• EXERCISE DIRECTIONS: Set down each line of the material that follows, exactly, with no pictures.
▼▼▼
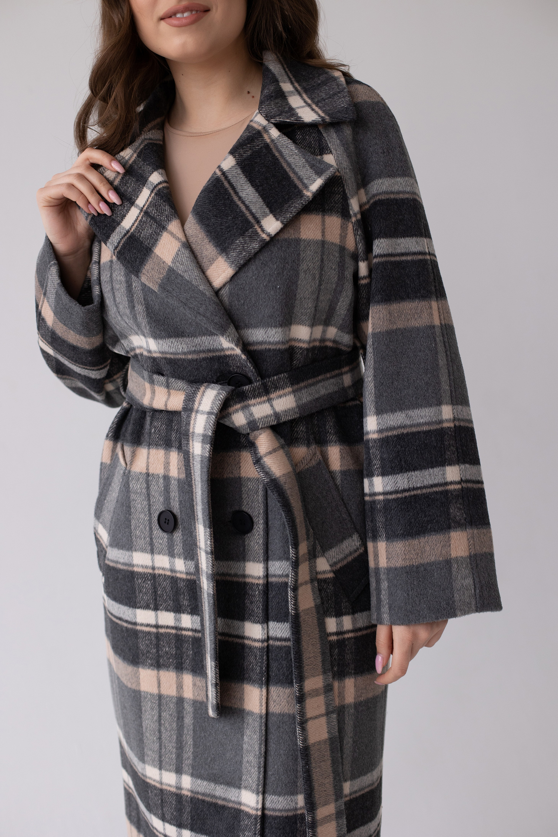 Пальто женское демисезонное 23110 (клетка серый+беж)
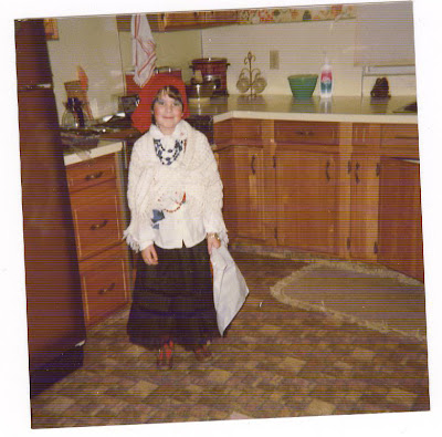 I was at my parents’ house on the weekend and made off with some old pictures, notably of me in Halloween costumes. Here is me at age six dressed as a gypsy:
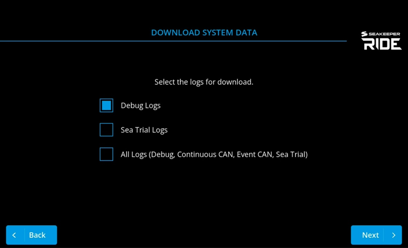 Through Seakeeper Ride Service Menu Items, the ability to offload data can be accessed by users to pull off Sea Trial data. This data will need to be sent to Seakeeper Ride to calculate the results of the completed Sea Trial.
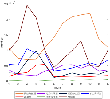 如图4所示,总结了台湾海峡海域十年来每月的各类型气溶胶的出现次数,并做出相应变化曲线。
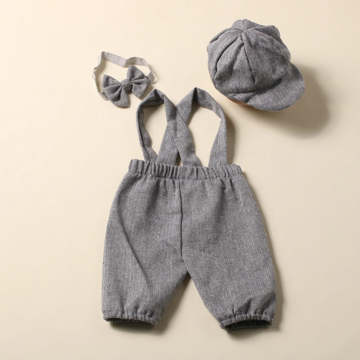 Classic Style: Your little one will look dapper and sophisticated in our newborn gentleman suit, complete with a stylish hat, adorable bow tie, and charming suspender pants.
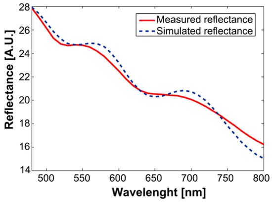 - Then, with the current value of the model’s variables, a simulated diffuse reflectance spectrum () was calculated by means of Equation (3).
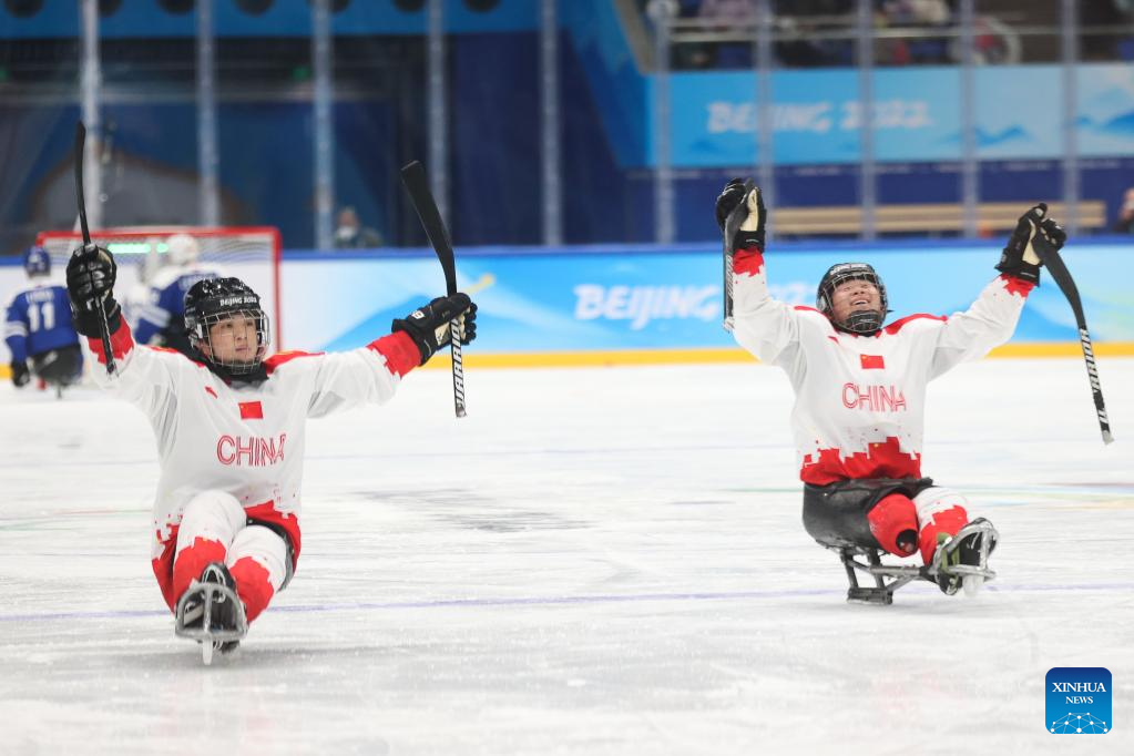Xu Jinqiang(R) and Zhu Zhanfu of China celebrates scoring during the para ice hockey preliminary round Group B match between China and Slovakia of the Beijing 2022 Paralympic Winter Games at National Indoor Stadium in Beijing, March 5, 2022. (Xinhua/Ma Xiping)
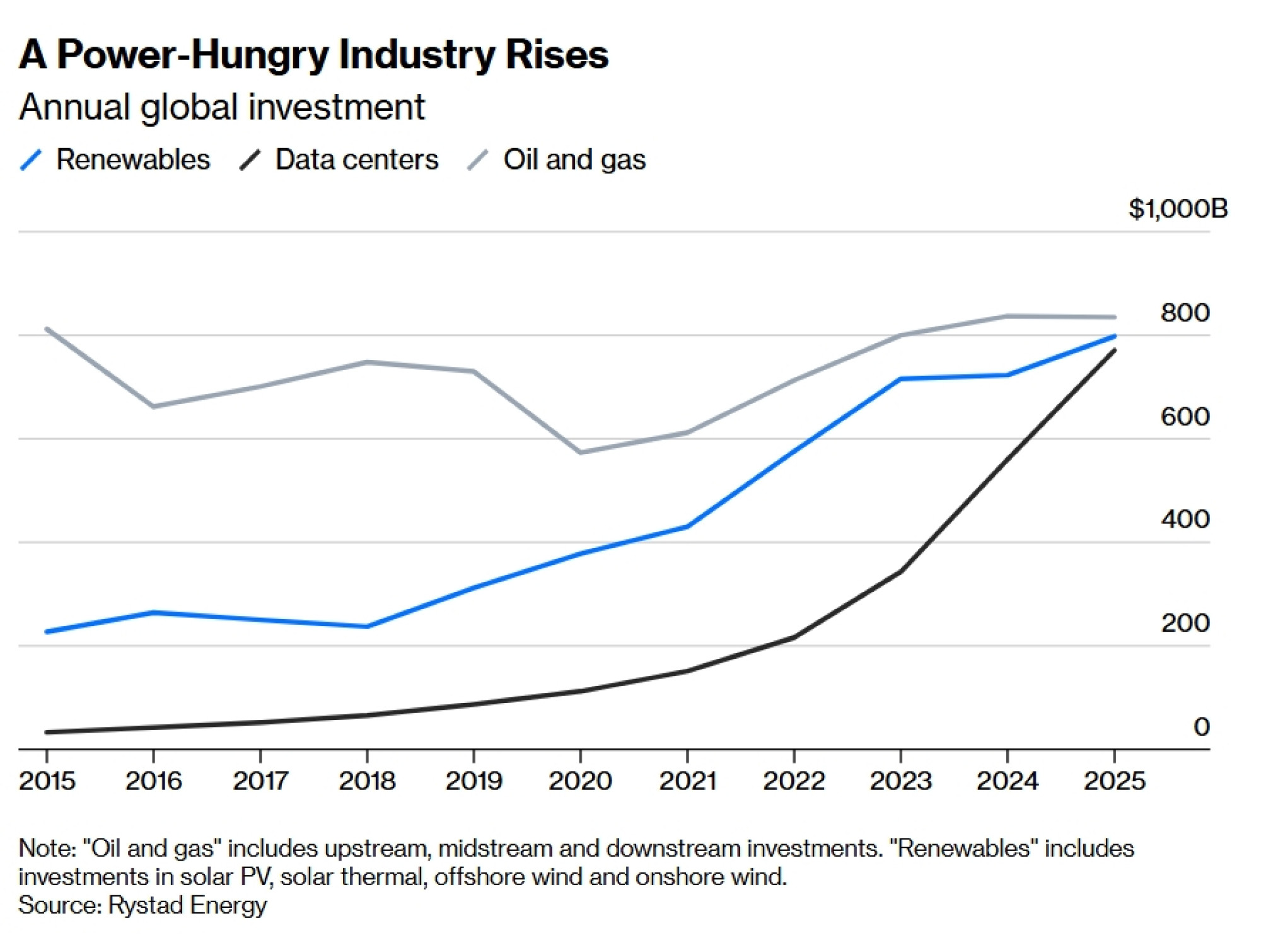 Neće biti ni trenutak prerano: globalna ulaganja u podatkovne centre skočila su na 771 milijardu dolara prošle godine, gotovo dostigavši ulaganja u naftu i plin (835 milijardi dolara) i najčešće obnovljive izvore energije (798 milijardi dolara), prema novom izvješću konzultantske tvrtke Rystad Energy.
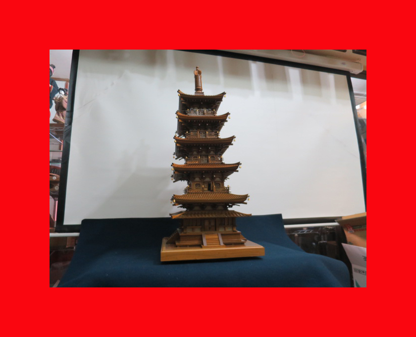 「五重塔置物G-183」仏像・仏具・幽霊画〝佛〟 木製品細部にこだわった作りです。存在感あります。 2段に分割できます。 幅42cm高さ100cm奥行42cm (詳しくは写真にてご確認の上ご判断下さい) |
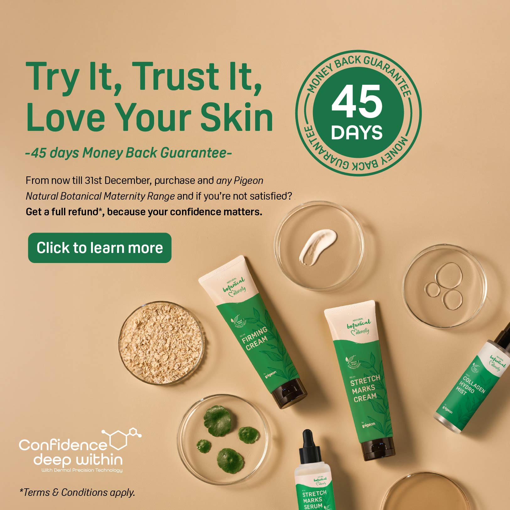 Get a full refund* with no questions asked if you're not satisfied with the Natural Botanical Maternity product(s) purchased from 2 - 31 Dec 2025 via Official Pigeon EShop. |
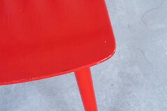 デンマークの生活共同組合FDB で製作されたこのチェアは、フォルケ パルソンにより デザインされたもので、キッチンチェアとも呼ぶべきコンパクトなサイズと、丸っとした 背がなんとも愛らしい一脚です。
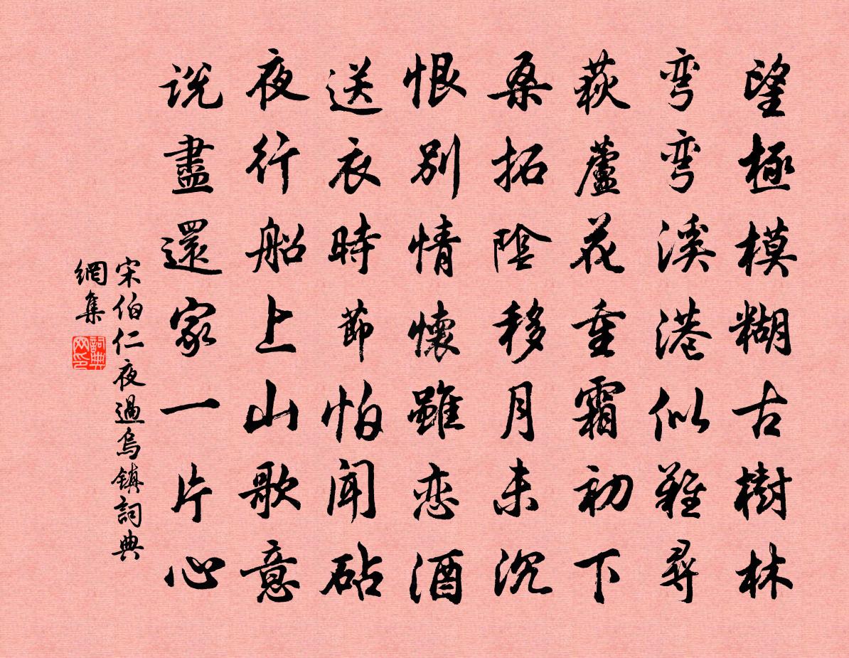 詩詞名句歷史字典書法欣賞書法字典國語詞典說文解字康熙字典古漢語字典標 題 作 者 詩 句 夜過烏鎮作者:宋伯仁 朝代:宋代夜過烏鎮原文望極模糊古樹林,彎彎溪港似難尋。荻蘆花重霜初下,桑拓陰移月未沉。恨別情懷雖戀酒,送衣時節怕聞砧。夜行船上山歌意,說盡還家一片心。詩詞問答問:夜過烏鎮的作者是誰?答:宋伯仁問:夜過烏鎮寫於哪個朝代?答:宋代宋伯仁夜過烏鎮書法欣賞夜過烏鎮書法作品詩詞推薦轉運少卿生日朱長文〔唐代〕昔在章聖朝,先君為名臣。入陪儒林老,出擁使者輪。忠漠與休烈,萬世永不泯。惜哉未大任,天意昌後人。公生逢雪宿芙蓉山主人劉長卿〔唐代〕日暮蒼山遠,天寒白屋貧。柴門聞犬吠,風雪夜歸人。送顧子敦赴河東三首黃庭堅〔宋代〕頭白書林二十年,印章今領晉山川。紫參可掘宜包貢,青鐵無多莫鑄錢。勸課農桑誠有道,折衝樽俎不臨邊。要知次韻任使君詠梅二首李新〔宋代〕平時化力與扶持,莫道春工未肯私。暗有浮香通淡月,瘦無寒葉到空枝。腹中太白何多錦,句下韋郎自不知。陰谷三月曲水宴得煙字王勃〔唐代〕彭澤官初去,河陽賦始傳。田園歸舊國,詩酒間長筵。列室窺丹洞,分樓瞰紫煙。縈迴亘津渡,出沒控郊鄽。鳳琴贈徐山人李洞〔唐代〕徐生何代降坤維,曾伴園公采紫芝。瓦礫變黃憂世換,髭鬚放白怕人疑。山房古竹粗於樹,海島靈童壽等龜。知嘆即事章甫〔宋代〕兩淮仍蜀道,群寇再侵尋。不戒兵猶火,唯夸旅若林。皇圖終復古,天意亦難諶。咨爾無猖獗,須思後患深。月夜江行 / 旅次江亭權德輿〔唐代〕扣舷不能寐,浩露清衣襟。彌傷孤舟夜,遠結萬里心。幽興惜瑤草,素懷寄鳴琴。三奏月初上,寂寥寒江深。祝君適中所所居南山岩花二種日玉梅日含笑者趙蕃〔宋代〕含笑初無巧笑容,未知名字復誰從。爾今顧有嫣然狀,不笑春風卻笑冬。春從天上來 至元六年庚辰元日立春,將為山宋褧〔元代〕許可用大參,陳景議憲副旭日暾暾。爛春餅堆盤,壽酒盈尊。玉帛交錯,襟佩翩翻。想像虎豹天門。靄蓬萊雲氣,次韻陳正之團扇畫一魚二首方回〔宋代〕莫想銀絲膾,冰盤一醉吞。好為玉帶佩,朝謁九重門。水調歌頭(中秋)劉褒〔宋代〕天淡四垂幕,雲細不成衣。西風掃盡繡翳,涼我鬢邊絲。破匣菱花飛動,跨海清光無際,草露滴明璣。杯到莫停手祝英台近向希尹〔宋代〕曉簾櫳,晴院宇,空鴨冷沉水。翠被欺寒,嬌困未忺起。厭厭兩點眉峰,一痕酒暈,正人在、溫柔鄉里。甚情味。鷓鴣天(次曾守游梅園韻)洪适〔宋代〕領客攜尊花底開。薄寒初送雨聲來。一聲未弄林間笛,幾片低飛閣下梅。酬的皪,少遲回。不妨春雪撒銀杯。玉肌恭題觀堂曹勛〔宋代〕松篁深靚隱新宮,十六清真位位同。笙鶴似臨三境上,佩環應下五雲中。煙霞頓隔塵寰路,道德追還太古風。固已燈下讀書陸游〔宋代〕少年喜書策,白首意未足。幽窗燈一點,樂處超五欲。而況黃州路,小雨漁村宿。蕭蕭蒹葭聲,為我洗暑毒。琅然奉和王世弼寄上七兄先生用其韻黃庭堅〔宋代〕宮槐弄黃黃,蓮葉綠婉婉。時同二三友,竹軒涼夏晚。駕言都城南,以望徵車返。何知苦淹回,及此秋景短。愁思和阻風潛江以詩禱神廖行之〔宋代〕江行幾日風打頭,江上客子添牢愁。人言水神喜作祟,客欲精禱姑維舟。平生結習口語業,篇詩敢告波神休。欣然奉和聖制送張說上集賢學士賜宴賦得蓮字趙冬曦〔唐代〕淺術方觀海,深恩忽見天。學開丹殿籍,名與石渠賢。良輔膺休命,微生謬采甄。春餘仍哢鳥,夏近未舒蓮。箋札金陵雜興二百首蘇泂〔宋代〕二月風和日暖時,淡黃楊柳一絲絲。向人無限隋唐意,猶是橋南楊柳枝。名句推薦步從容,立端正。揖深圓,拜恭敬。李毓秀《弟子規·謹》 江皋樓觀前朝寺,秋色入秦淮。徐再思《人月圓·甘露懷古》 荻花秋,瀟湘夜,橘洲佳景如屏畫。李珣《漁歌子·荻花秋》 曉風催我掛帆行,綠漲春蕪岸欲平。查慎行《曉過鴛湖》 風雨送人來,風雨留人住。游次公《卜運算元·風雨送人來》 百年成之不足,一旦壞之有餘。佚名《增廣賢文·上集》 突營射殺呼延將,獨領殘兵千騎歸。李白《從軍行》 蘭生幽谷,不為莫服而不芳。舟在江海,不為莫乘而不浮。君子行義,不為莫知而止休。劉安及其門客《淮南子·說山訓》 筆落驚風雨,詩成泣鬼神杜甫《寄李十二白二十韻》 芙蓉老秋霜,團扇羞網塵。李白《中山孺子妾歌》
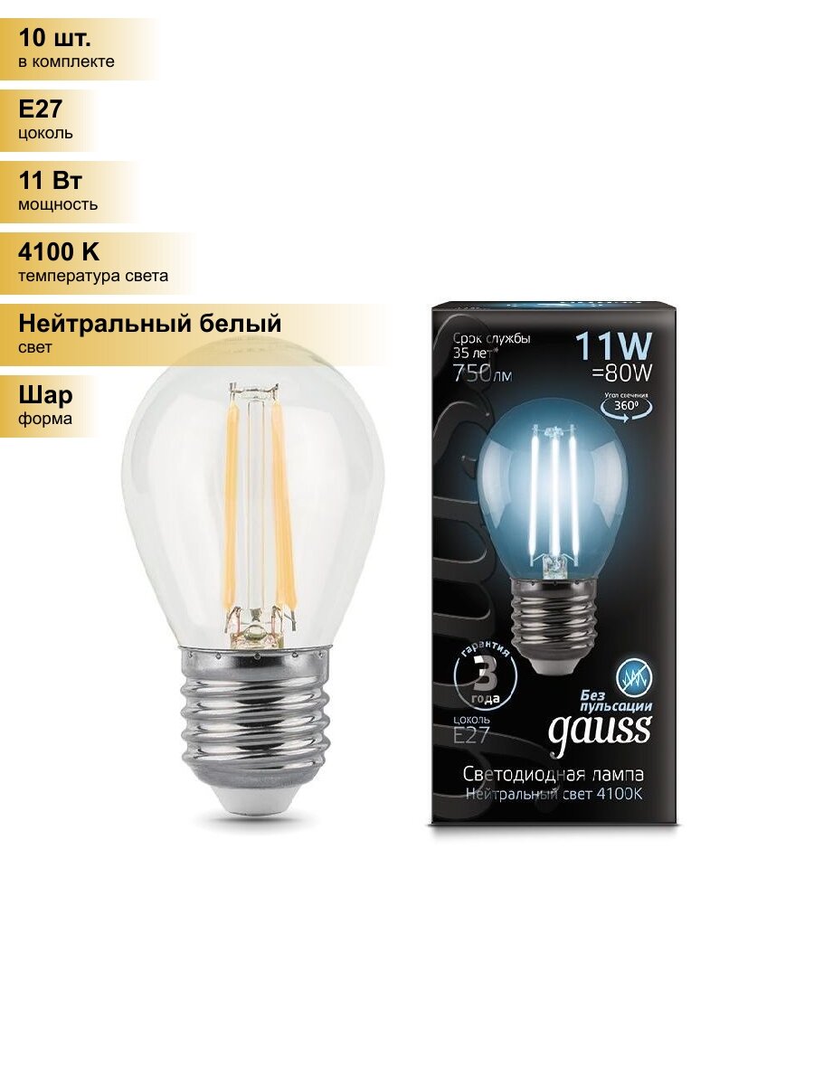 (10 шт.) Светодиодная лампочка Gauss Filament Шар G45 E27 11W 750lm 4100K 4K прозр. филамент (нитевидная) 105802211 Нейтральный белый. Цоколь E27: сравнение цен, характеристики, фото, актуальное наличие и цены.
▲▲▲
• ANSWER SECTION:
 Пальто женское демисезонное 23110 (клетка серый+беж)
 I was at my parents’ house on the weekend and made off with some old pictures, notably of me in Halloween costumes. Here is me at age six dressed as a gypsy:
 Through Seakeeper Ride Service Menu Items, the ability to offload data can be accessed by users to pull off Sea Trial data. This data will need to be sent to Seakeeper Ride to calculate the results of the completed Sea Trial.
 如图4所示,总结了台湾海峡海域十年来每月的各类型气溶胶的出现次数,并做出相应变化曲线。
 Classic Style: Your little one will look dapper and sophisticated in our newborn gentleman suit, complete with a stylish hat, adorable bow tie, and charming suspender pants.
 - Then, with the current value of the model’s variables, a simulated diffuse reflectance spectrum () was calculated by means of Equation (3).
Xu Jinqiang(R) and Zhu Zhanfu of China celebrates scoring during the para ice hockey preliminary round Group B match between China and Slovakia of the Beijing 2022 Paralympic Winter Games at National Indoor Stadium in Beijing, March 5, 2022. (Xinhua/Ma Xiping)
 Neće biti ni trenutak prerano: globalna ulaganja u podatkovne centre skočila su na 771 milijardu dolara prošle godine, gotovo dostigavši ulaganja u naftu i plin (835 milijardi dolara) i najčešće obnovljive izvore energije (798 milijardi dolara), prema novom izvješću konzultantske tvrtke Rystad Energy.
 「五重塔置物G-183」仏像・仏具・幽霊画〝佛〟 木製品細部にこだわった作りです。存在感あります。 2段に分割できます。 幅42cm高さ100cm奥行42cm (詳しくは写真にてご確認の上ご判断下さい) |
 Get a full refund* with no questions asked if you're not satisfied with the Natural Botanical Maternity product(s) purchased from 2 - 31 Dec 2025 via Official Pigeon EShop. |
 デンマークの生活共同組合FDB で製作されたこのチェアは、フォルケ パルソンにより デザインされたもので、キッチンチェアとも呼ぶべきコンパクトなサイズと、丸っとした 背がなんとも愛らしい一脚です。
 詩詞名句歷史字典書法欣賞書法字典國語詞典說文解字康熙字典古漢語字典標 題 作 者 詩 句 夜過烏鎮作者:宋伯仁 朝代:宋代夜過烏鎮原文望極模糊古樹林,彎彎溪港似難尋。荻蘆花重霜初下,桑拓陰移月未沉。恨別情懷雖戀酒,送衣時節怕聞砧。夜行船上山歌意,說盡還家一片心。詩詞問答問:夜過烏鎮的作者是誰?答:宋伯仁問:夜過烏鎮寫於哪個朝代?答:宋代宋伯仁夜過烏鎮書法欣賞夜過烏鎮書法作品詩詞推薦轉運少卿生日朱長文〔唐代〕昔在章聖朝,先君為名臣。入陪儒林老,出擁使者輪。忠漠與休烈,萬世永不泯。惜哉未大任,天意昌後人。公生逢雪宿芙蓉山主人劉長卿〔唐代〕日暮蒼山遠,天寒白屋貧。柴門聞犬吠,風雪夜歸人。送顧子敦赴河東三首黃庭堅〔宋代〕頭白書林二十年,印章今領晉山川。紫參可掘宜包貢,青鐵無多莫鑄錢。勸課農桑誠有道,折衝樽俎不臨邊。要知次韻任使君詠梅二首李新〔宋代〕平時化力與扶持,莫道春工未肯私。暗有浮香通淡月,瘦無寒葉到空枝。腹中太白何多錦,句下韋郎自不知。陰谷三月曲水宴得煙字王勃〔唐代〕彭澤官初去,河陽賦始傳。田園歸舊國,詩酒間長筵。列室窺丹洞,分樓瞰紫煙。縈迴亘津渡,出沒控郊鄽。鳳琴贈徐山人李洞〔唐代〕徐生何代降坤維,曾伴園公采紫芝。瓦礫變黃憂世換,髭鬚放白怕人疑。山房古竹粗於樹,海島靈童壽等龜。知嘆即事章甫〔宋代〕兩淮仍蜀道,群寇再侵尋。不戒兵猶火,唯夸旅若林。皇圖終復古,天意亦難諶。咨爾無猖獗,須思後患深。月夜江行 / 旅次江亭權德輿〔唐代〕扣舷不能寐,浩露清衣襟。彌傷孤舟夜,遠結萬里心。幽興惜瑤草,素懷寄鳴琴。三奏月初上,寂寥寒江深。祝君適中所所居南山岩花二種日玉梅日含笑者趙蕃〔宋代〕含笑初無巧笑容,未知名字復誰從。爾今顧有嫣然狀,不笑春風卻笑冬。春從天上來 至元六年庚辰元日立春,將為山宋褧〔元代〕許可用大參,陳景議憲副旭日暾暾。爛春餅堆盤,壽酒盈尊。玉帛交錯,襟佩翩翻。想像虎豹天門。靄蓬萊雲氣,次韻陳正之團扇畫一魚二首方回〔宋代〕莫想銀絲膾,冰盤一醉吞。好為玉帶佩,朝謁九重門。水調歌頭(中秋)劉褒〔宋代〕天淡四垂幕,雲細不成衣。西風掃盡繡翳,涼我鬢邊絲。破匣菱花飛動,跨海清光無際,草露滴明璣。杯到莫停手祝英台近向希尹〔宋代〕曉簾櫳,晴院宇,空鴨冷沉水。翠被欺寒,嬌困未忺起。厭厭兩點眉峰,一痕酒暈,正人在、溫柔鄉里。甚情味。鷓鴣天(次曾守游梅園韻)洪适〔宋代〕領客攜尊花底開。薄寒初送雨聲來。一聲未弄林間笛,幾片低飛閣下梅。酬的皪,少遲回。不妨春雪撒銀杯。玉肌恭題觀堂曹勛〔宋代〕松篁深靚隱新宮,十六清真位位同。笙鶴似臨三境上,佩環應下五雲中。煙霞頓隔塵寰路,道德追還太古風。固已燈下讀書陸游〔宋代〕少年喜書策,白首意未足。幽窗燈一點,樂處超五欲。而況黃州路,小雨漁村宿。蕭蕭蒹葭聲,為我洗暑毒。琅然奉和王世弼寄上七兄先生用其韻黃庭堅〔宋代〕宮槐弄黃黃,蓮葉綠婉婉。時同二三友,竹軒涼夏晚。駕言都城南,以望徵車返。何知苦淹回,及此秋景短。愁思和阻風潛江以詩禱神廖行之〔宋代〕江行幾日風打頭,江上客子添牢愁。人言水神喜作祟,客欲精禱姑維舟。平生結習口語業,篇詩敢告波神休。欣然奉和聖制送張說上集賢學士賜宴賦得蓮字趙冬曦〔唐代〕淺術方觀海,深恩忽見天。學開丹殿籍,名與石渠賢。良輔膺休命,微生謬采甄。春餘仍哢鳥,夏近未舒蓮。箋札金陵雜興二百首蘇泂〔宋代〕二月風和日暖時,淡黃楊柳一絲絲。向人無限隋唐意,猶是橋南楊柳枝。名句推薦步從容,立端正。揖深圓,拜恭敬。李毓秀《弟子規·謹》 江皋樓觀前朝寺,秋色入秦淮。徐再思《人月圓·甘露懷古》 荻花秋,瀟湘夜,橘洲佳景如屏畫。李珣《漁歌子·荻花秋》 曉風催我掛帆行,綠漲春蕪岸欲平。查慎行《曉過鴛湖》 風雨送人來,風雨留人住。游次公《卜運算元·風雨送人來》 百年成之不足,一旦壞之有餘。佚名《增廣賢文·上集》 突營射殺呼延將,獨領殘兵千騎歸。李白《從軍行》 蘭生幽谷,不為莫服而不芳。舟在江海,不為莫乘而不浮。君子行義,不為莫知而止休。劉安及其門客《淮南子·說山訓》 筆落驚風雨,詩成泣鬼神杜甫《寄李十二白二十韻》 芙蓉老秋霜,團扇羞網塵。李白《中山孺子妾歌》
 (10 шт.) Светодиодная лампочка Gauss Filament Шар G45 E27 11W 750lm 4100K 4K прозр. филамент (нитевидная) 105802211 Нейтральный белый. Цоколь E27: сравнение цен, характеристики, фото, актуальное наличие и цены.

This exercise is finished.